Monday: 60 min spin class
Tuesday: Yoga/Rest
Wednesday: 40 min run, shoulders, abs
Thursday: Yoga/Rest
Friday: Lower body, abs
Saturday: 60 min run, chest, abs
Sunday: Step class, biceps, triceps

So normally I do full-body or upper-body workouts, with a lot of compound moves. But I’ve decided to try separating my muscle groups and pairing some of it with cardio. There’s no specific reason why I’m doing this, I just thought it would be nice to change it up for a while. Don’t want to get bored with my routine!

It also bears mentioning that I’ll likely only do yoga once a week, and take one total rest day.
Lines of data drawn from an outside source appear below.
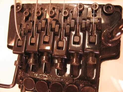Edullisissa sähkökitaroissa olevat Floyd Rose -tyyppiset tallat ovat yleensä ns. lisenssitalloja (licenced…). Ne näyttävät samalta kuin aitokin, mutta ovat usein huonommasta metallista tehtyjä. Tässä LTD:ssä oli ongelmia ala-E-kielen tallapalassa.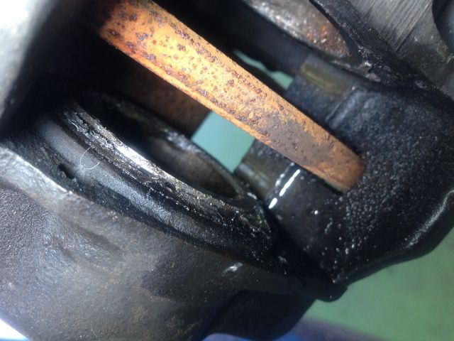 先日のブレーキ片効きで動きが悪い状態だったのが動き出して漏れた・・・。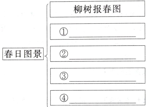 10. (☆课后习题一变式)在作者笔下,春天就像一幅幅美丽的图画。阅读文章,说说作者描绘了哪些春天的图景,完成思维导图。(4分)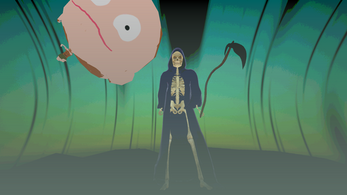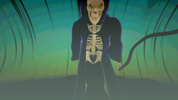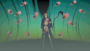 Death has come to take Hideous Kojira-san to the Underworld. However, the tricky old bugger has tricked Death itself by grabbing onto a falling baby.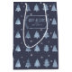 This gift bag features a subtle pattern of stylised Christmas trees and snowflakes in shades of sky blue and slate on a navy blue background. Optional 'Happy Holidays' text and a label have been provided to add your name and/or other text. Search ID861 thru ID864 to see additional colour options and other products in this modern, Christmas design set.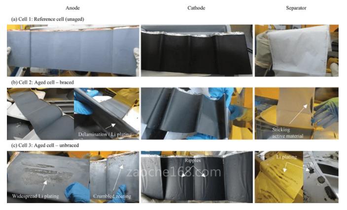 电芯1(参考电芯)未表现出明显退化,例如沉积、剥离或裂缝。电极表面看起来很均匀。电芯2(有支撑老化电芯)仅出现轻微的退化。除了靠近实际采集的几个位置外,电极似乎具有均匀性。电芯3的电极和隔板(老电芯、无支撑)表现出明显的退化。电芯1的负极表面形态表现为,石墨表面有一层均匀的Al2O3颗粒涂层。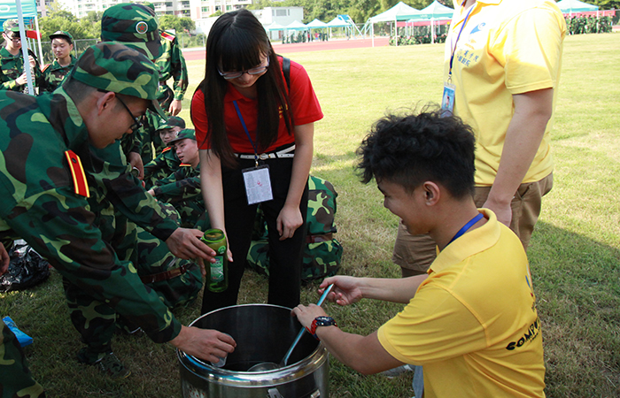在新生全神贯注于军训操练之时,太阳成集团tyc33455的师兄师姐们给新生送去消暑解热的凉茶,与此同时,也为新生们提供了葡萄糖水和盐水,只为能在其休息之余,让其及时地补充能量,其后也更为精力充沛地投入到军训操练中。尽管军训严格要求新生做好每个动作、每个姿势,可大本营点滴人性化的服务也为新生送去丝丝关怀,相信太阳成集团tyc33455军训新生在这关怀下,在紧接着的军训中能继续坚持下去,绽放出属于自己的绚丽光彩。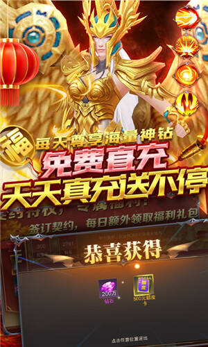 ★GM武器开局就送,助力打金更便捷,签订契约特权每天至少免费送500元真充额度,每天签到还能无限抽真充!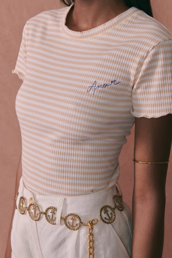 T-shirt rayé côtelé à inscription "Amour" de Maison Labiche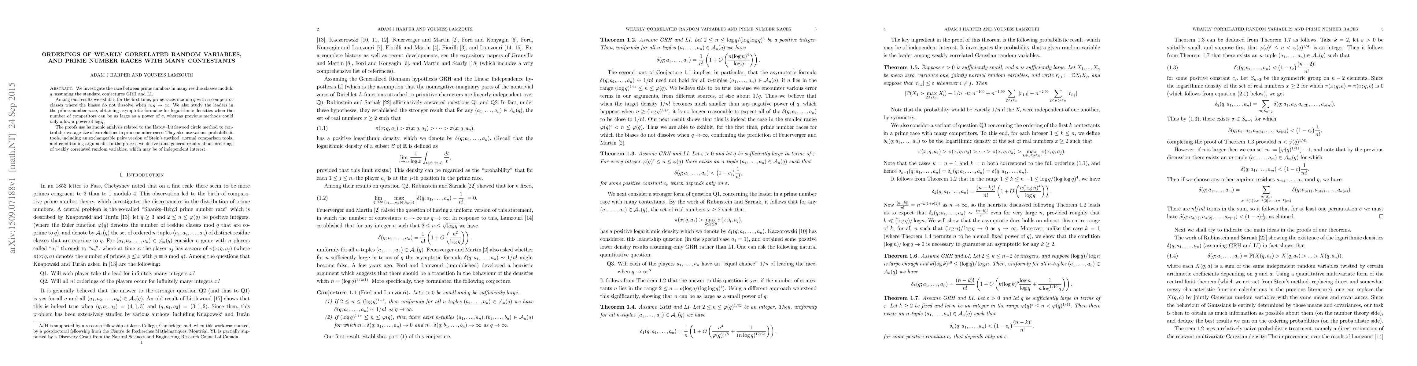 This paper explores prime number races in many residue classes under the conjectures GRH and LI, revealing persistent biases even with many competitors. It introduces new asymptotic formulae for logarithmic densities in prime races, significantly extending previous methods, and employs harmonic analysis and probabilistic tools to derive results on orderings of weakly correlated random variables.

I’ve also designed it so my hardest workouts are on the weekend (my days off) and that there’s some flexibility with trading out days, or doing morning/evening workouts.

Again, this is just for this month to see how it works. Next month I’ll probably start thinking about half marathon training :)

 

Phew! This was a rambly post. Hope you’re not putting off anything important to get through it all :)

 

Question of the Day: What does your usual workout schedule look like? I’m genuinely interested, I always love to hear about what other people do for workouts!